# DuckDB with S3/Wasabi Storage

This notebook demonstrates how to:
- Configure DuckDB to work with S3/Wasabi
- Save data to S3 in Parquet format
- Read JSON from APIs and save to S3
- Query data directly from S3
- Create data marts

## Setup: Configure DuckDB with S3 Credentials

In [None]:
import duckdb
import os
import json

# Get Wasabi credentials from environment
wasabi_endpoint = os.getenv('WASABI_ENDPOINT', 's3.us-east-2.wasabisys.com')
wasabi_access_key = os.getenv('WASABI_ACCESS_KEY')
wasabi_secret_key = os.getenv('WASABI_SECRET_KEY')

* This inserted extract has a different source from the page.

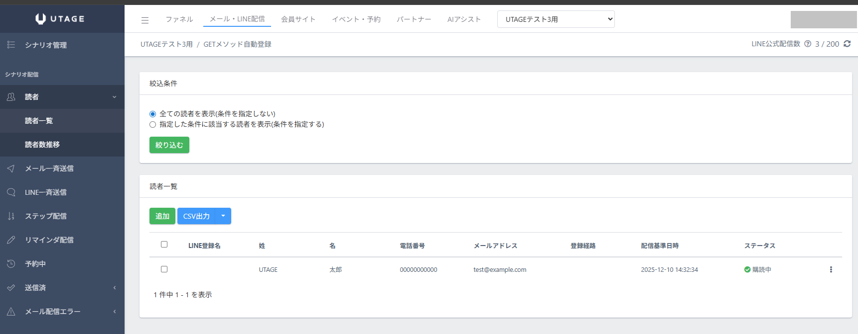 ・UTAGE側にデータ登録(シナリオ読者登録)がされているか
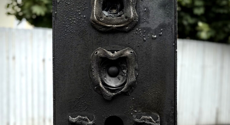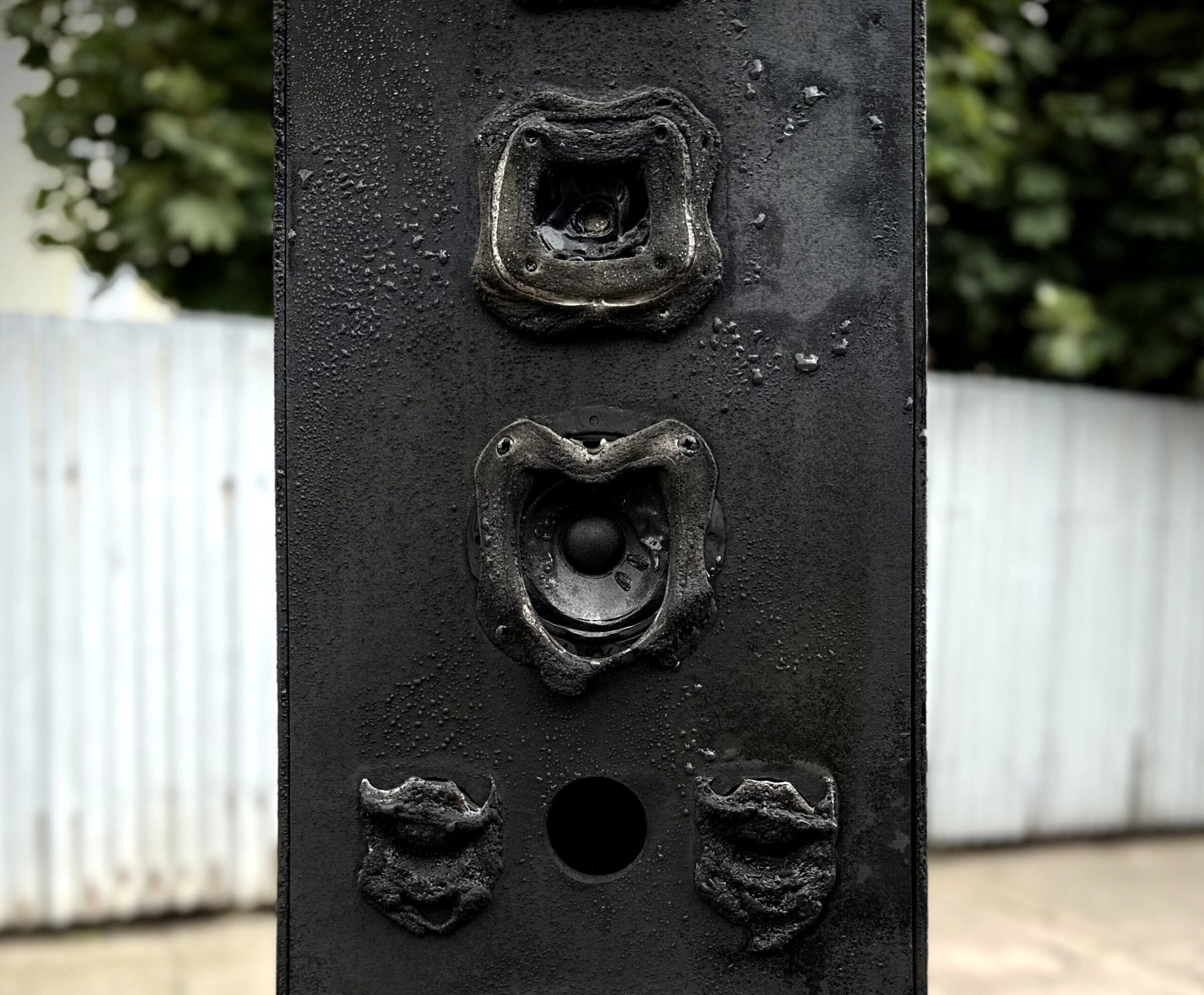 The installation titled Melanosis depicts a landscape afflicted by fire – raw, transformed, but still alive. More than a silent object, it is also a pulsating body that responds and communicates. The scorched landscape of audio speakers is not just an entity of observation, it is an active component of relational ecology – a space for rediscovering the body, consciousness and nature, including its death and resurrection. A fire can seriously interrupt ecological and visual continuity, but it can also help to reset the ecosystem and return it to an earlier stage of succession (a state in which the landscape finds itself in a period of renewal or transition). The connection between the functioning of a forest and the inner world of people is a tenet of ecopsychology – a field that explores how the environment influences our psyche and our mental health.

# Create DuckDB connection
con = duckdb.connect()

# Configure S3 settings
con.execute(f"""
    SET s3_endpoint='{wasabi_endpoint}';
    SET s3_access_key_id='{wasabi_access_key}';
    SET s3_secret_access_key='{wasabi_secret_key}';
    SET s3_url_style='path';
""")

print("✓ DuckDB configured with S3 credentials")
print(f"Endpoint: {wasabi_endpoint}")

## Example 1: Write DataFrame to S3 as Parquet

In [None]:
# Create sample data
sample_data = [
    {'id': 1, 'name': 'Alice', 'age': 25, 'department': 'Engineering'},
    {'id': 2, 'name': 'Bob', 'age': 30, 'department': 'Marketing'},
    {'id': 3, 'name': 'Charlie', 'age': 35, 'department': 'Sales'},
    {'id': 4, 'name': 'Diana', 'age': 28, 'department': 'Engineering'},
    {'id': 5, 'name': 'Eve', 'age': 32, 'department': 'HR'}
]

# Create table from Python data
con.execute("""
    CREATE OR REPLACE TABLE employees AS 
    SELECT * FROM (VALUES
        (1, 'Alice', 25, 'Engineering'),
        (2, 'Bob', 30, 'Marketing'),
        (3, 'Charlie', 35, 'Sales'),
        (4, 'Diana', 28, 'Engineering'),
        (5, 'Eve', 32, 'HR')
    ) AS t(id, name, age, department)
""")

# View the data
con.execute("SELECT * FROM employees").df()

In [None]:
# Write to S3 as Parquet
bucket_name = "dfscrunch-data-lake"
output_path = f"s3://{bucket_name}/duckdb-examples/employees.parquet"

con.execute(f"""
    COPY employees 
    TO '{output_path}' 
    (FORMAT PARQUET, COMPRESSION 'SNAPPY')
""")

print(f"✓ Data written to: {output_path}")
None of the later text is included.